Wednesday 23 July 2008

Conways

I think it would have been in 1969 or 1970 that I was driving in Edinburgh's New Town during the Festival and saw an elderly couple looking stranded beside an obviously damaged car on Queen Street. So I pulled over and asked if I could help. It turned out they were American tourists, passing through Edinburgh en route to somewhere further north when they had been involved in a traffic accident in their hired car. Their car was being taken away for repair but they had not planned to be in Edinburgh that night and so had made no arrangements for somewhere to stay. And as it was Festival time, there wasn't a spare room to be had. So I invited them to stay at the family's home where I was still living. My parents were away on holiday, so there was plenty of room. It must have been a bit strange for this couple to trust a complete stranger but eventually we all drove back home and they stayed the night and all went charmingly.

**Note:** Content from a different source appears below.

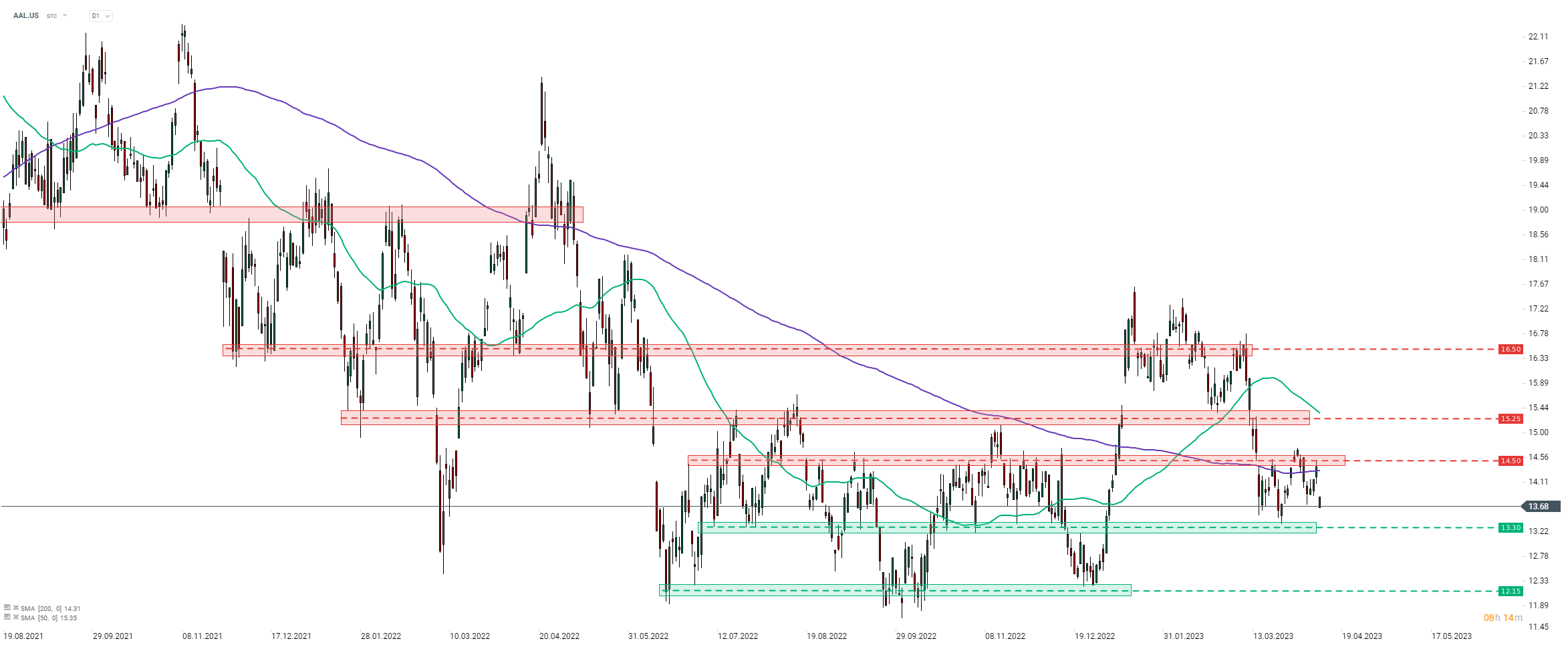 American Airlines (AAL.US) launched today's trading lower after the company warned that it is likely to miss Q1 earnings estimates. Stock is pulling back from the $14.50 resistance zone and unless bulls manage to regain control over the market, price may look towards a near-term support in the $13.30 area. Source: xStation5

Their name was Conway, and I'm sorry to say that I never kept in touch with them afterwards. I would love to have found out what they really thought was going on - were they worried about being kidnapped, or ending up in a drug den, or what? I guess now I will never know.

Sunday 6 July 2008

Taste of Italy

When I worked as Head of Design at the National Gallery in London in the 1980s we staged a small exhibition comparing two works by Canaletto and Guardi, both views of the Piazza San Marco in Venice. As usual I arranged for large sign-written boards to be produced to promote this exhibition, which were made up in sections and then mounted on the front facade of the gallery. On the day of the exhibition itself I was called out to see the boards being put in place, only to realise that the signwriters had missed out a crucial "A" between two sections, and the National Gallery was now proudly advertising the PIZZA San Marco to the tourists in Trafalgar Square. Ah, what memories...

Saturday 5 July 2008

One act, one scene

At school there was a tradition that the junior boys performed, during the winter term, one-act plays, usually supposed to be comedy, for the school. And so, aged about 13, I found myself involved in a humorous play called In The Dentist's Waiting Room. My part was not large or central; it involved appearing on two occasions, in the first and last scenes, speaking a few lines which moved the plot forward in some fashion, and then exiting again.

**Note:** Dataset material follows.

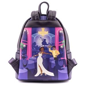Don’t forget to celebrate your hard work! You’ve been “almost there” for a while and now’s the time to treat yourself with the Loungefly Disney Princess & the Frog Tiana’s Palace Mini Backpack. Tiana’s Palace lights up the bayou background both with bright colors and the light pouring out of the windows. On the back you can see Princess Tiana and Prince Naveen walking among the tables. Any Princess Tiana fan would love this beautiful backpack.

Unfortunately, the occasion overcame me. I made my first entrance, in the first scene, and spoke my lines clearly. They were, however, my lines for the final scene. The rest of the cast, rehearsed to a Pavlovian level of response, followed on from my lines and completed the final scene. The curtains closed to a surprised silence from the audience. The play, which was supposed to last fifteen minutes, had taken four. And it had had no discernible plot. And it was not remotely funny.

Noone said anything afterwards. My excuse is that the two lines were very similar - I swear.

Friday 4 July 2008

Orienteering

In 1973, I guess, I was working at the Edinburgh Film Festival for the summer, and one of the films launched there was The Wicker Man. This was a fairly weird movie by any standards, and has since become a cult, valued in retrospect much more than its lukewam reviews and limited box-office at the time would have suggested. There was a press screening one day, attended by one of the actors in the film, Lindsay Kemp, who had a 'character' part as a Scottish innkeeper (if I remember). Lindsay was one of the features of the Edinburgh cultural scene, leading a mime troupe that I had first seen perform at the Richard Demarco Gallery in 1968.

After the screening several of the EIFF team went out to a nearby pub for a drink with Lindsay, together with Jack Birkett (Orlando) and others of Lindsay's group. In the chat, someone asked Lindsay, who was about as camp as they come, how he knew he was gay. 'Well', replied Lindsay, 'it's very simple. Women don't give me erections.' Now, I'm sure there are all sorts of experts in sexual orientation who would say it's a lot more complicated than that, but to me that was about as useful a test of which way one was swinging as any deeper psychological study. On this simple premise, I was able back then and since to confirm that I was in a different -er - camp from Lindsay.